[PROBLEM TO WORK ON]
Retype the lines from the first one in the records down to the line containing "Ответы к Древнерусская", counting both, and leave out any pictures.

Start of RECORDED DATA

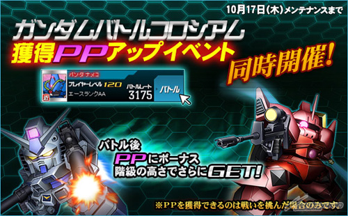 同样从今天10月10日(四)起到10月17日(四)止的限定期间内,开始“ 高达战斗竞技场”、以及“获得PP增量活动”。
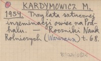 KARDYMOWICZ M. 1954 Trzy lata sztucznej inseminacji owiec na Podhalu.
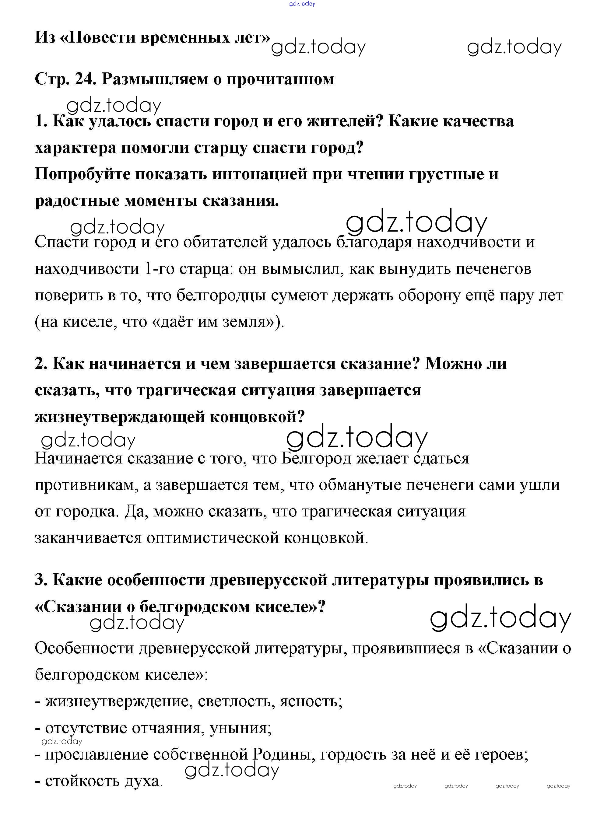 Ответы к Древнерусская литература Решение к части 1 (Новое 16-е издание) страница 24 Учебнику по Литературе для 6 класса Полухина, Коровина Просвещение 2016
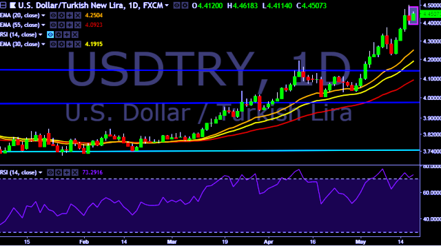 We prefer to go long on USD/TRY around 4.4400, stop loss at 4.4100 and target of 4.5006/4.5254.
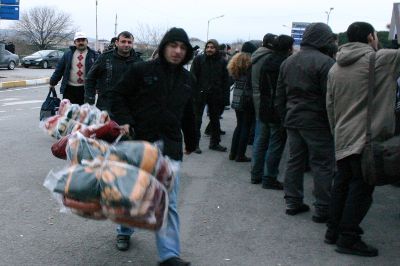 TEKEL işçilerin Ankara’ya akını sürüyor. İstanbul Cevizli TEKEL işçileri de bu sabah Ankara’ya hareket etti. İşçiler kefenlerini giydi, battaniyelerini yanlarına aldı Başbakana şöyle seslendi: “TEKEL işçisi evine dönecek ancak haklarını alınca.”
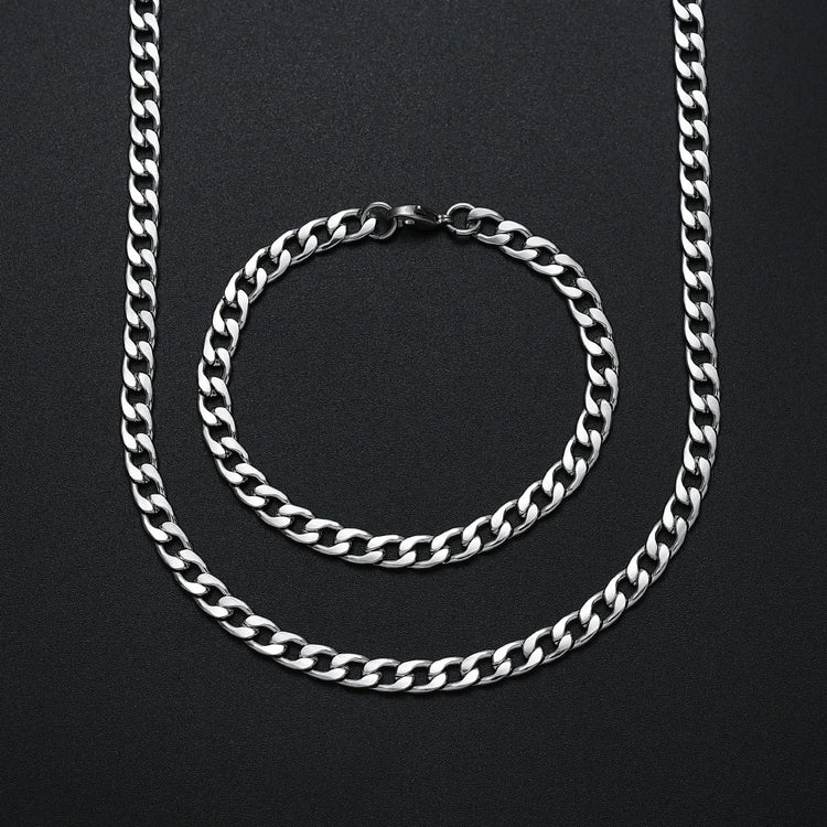 Hot sale width 6MM stainless steel Cuban chain necklace & bracelet fashion jewelry set hip hop rock jewelry for men
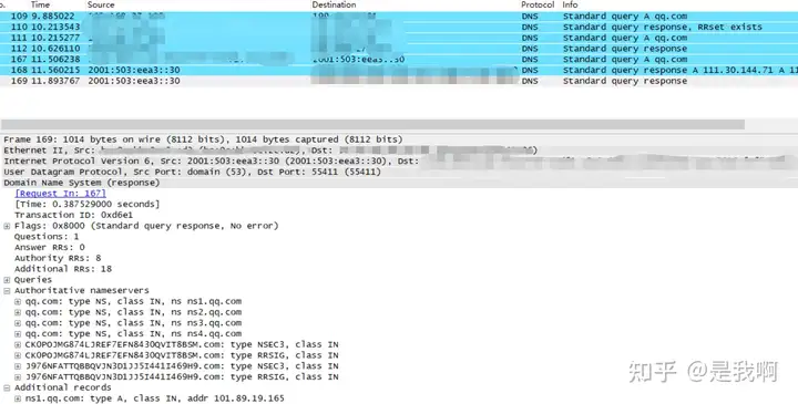 3.用户再次给本地DNS发起解析请求,此时DNS本地程序向本机配置的LocalDNS发起解析请求(部分用户是自定义配置的DNS业务地址,另外部分用户默认使用由ISP省网侧BRAS自动下发给ONT(光网络终端,即光猫)的LocalDNS地址),LocalDNS(可以理解为位于ISP内部的DNS缓存服务器)首先查看是否存在缓存记录,若有则直接返回缓存记录,若无则交给递归服务器进行逐级递归,最终抓包过程中会先反馈用户一个A记录解析包,然后再回复一个请求http://qq.com递归过程中的逐级NS(名称服务器,即授权服务器)的解析记录。
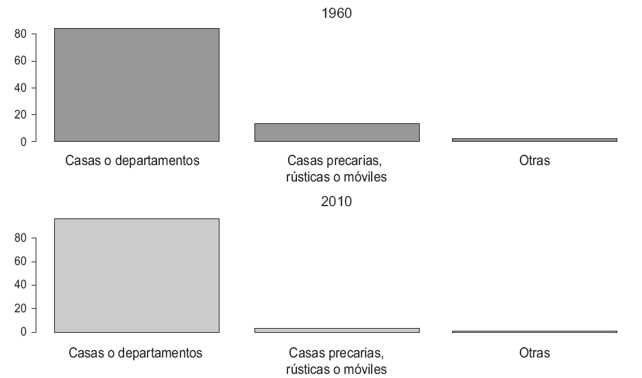 Se observa que entre 1960 y 2010 aumentaron 11% las viviendas construidas como casas o departamentos, al tiempo que disminuyeron 10% las construidas como casas precarias o casillas, casas rústicas o ranchos y casas móviles, y 1% otro tipo de viviendas como piezas de inquilinato o pensión y locales no construidos para vivienda (Gráfica 12).
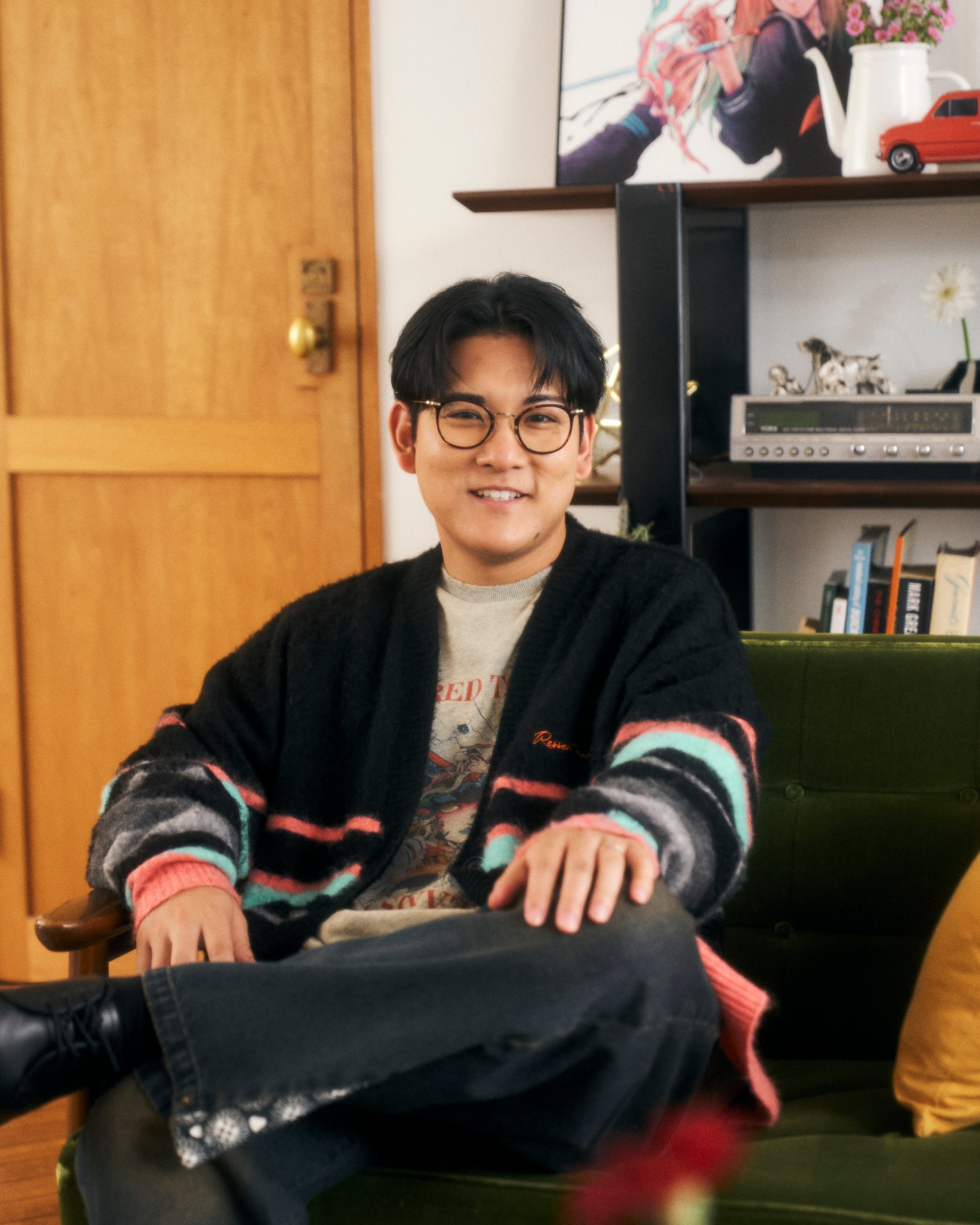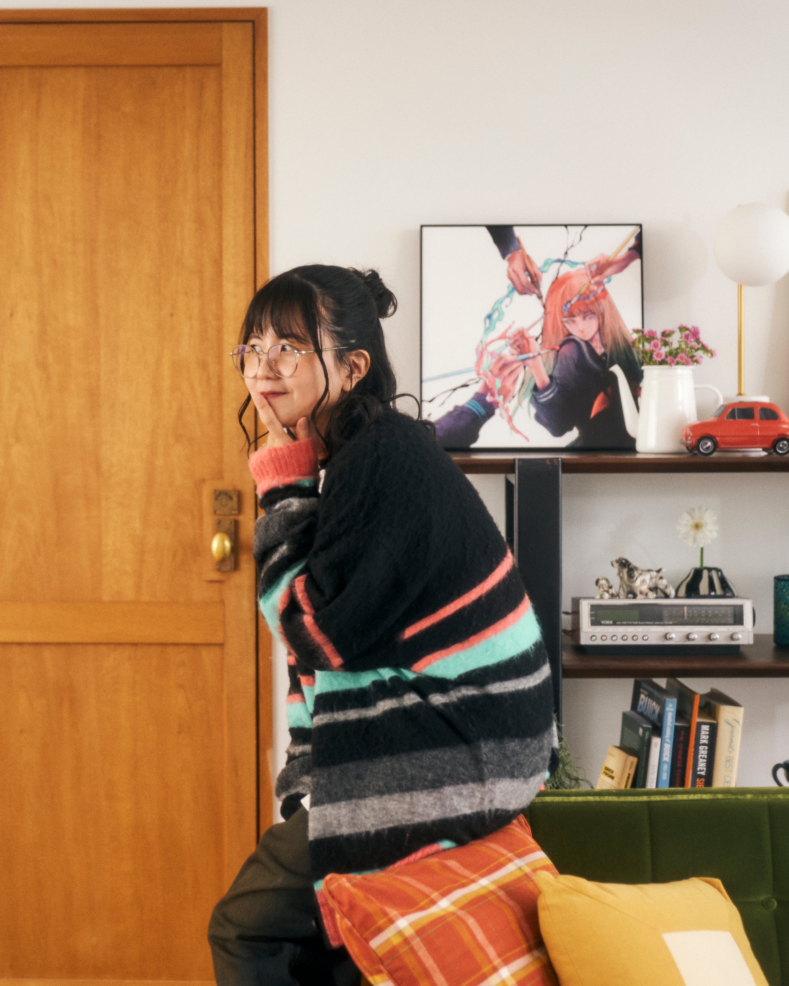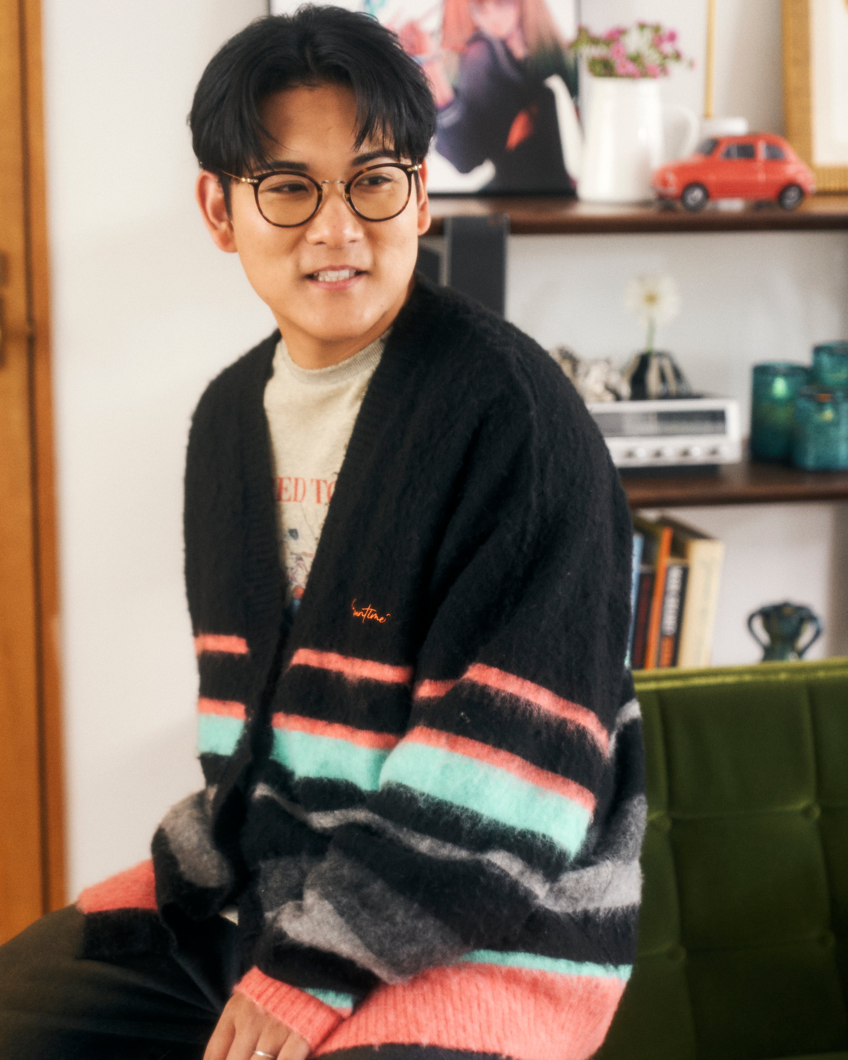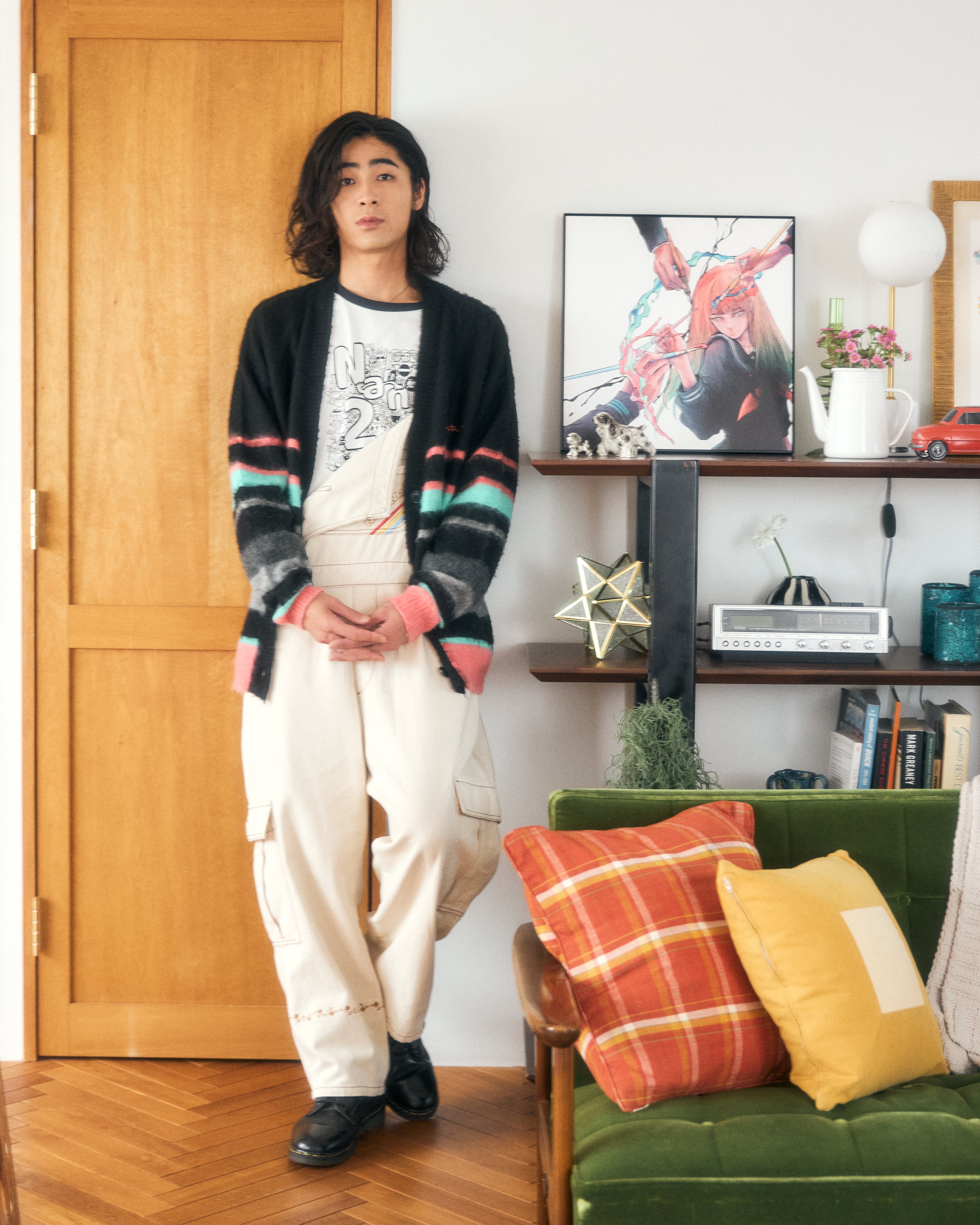 げんのイラスト「ルサンチマン」から着想を得たモヘアカーディガン。

End of RECORDED DATA

[SOLUTION TO THE PROBLEM]
 同样从今天10月10日(四)起到10月17日(四)止的限定期间内,开始“ 高达战斗竞技场”、以及“获得PP增量活动”。
 KARDYMOWICZ M. 1954 Trzy lata sztucznej inseminacji owiec na Podhalu.
 Ответы к Древнерусская литература Решение к части 1 (Новое 16-е издание) страница 24 Учебнику по Литературе для 6 класса Полухина, Коровина Просвещение 2016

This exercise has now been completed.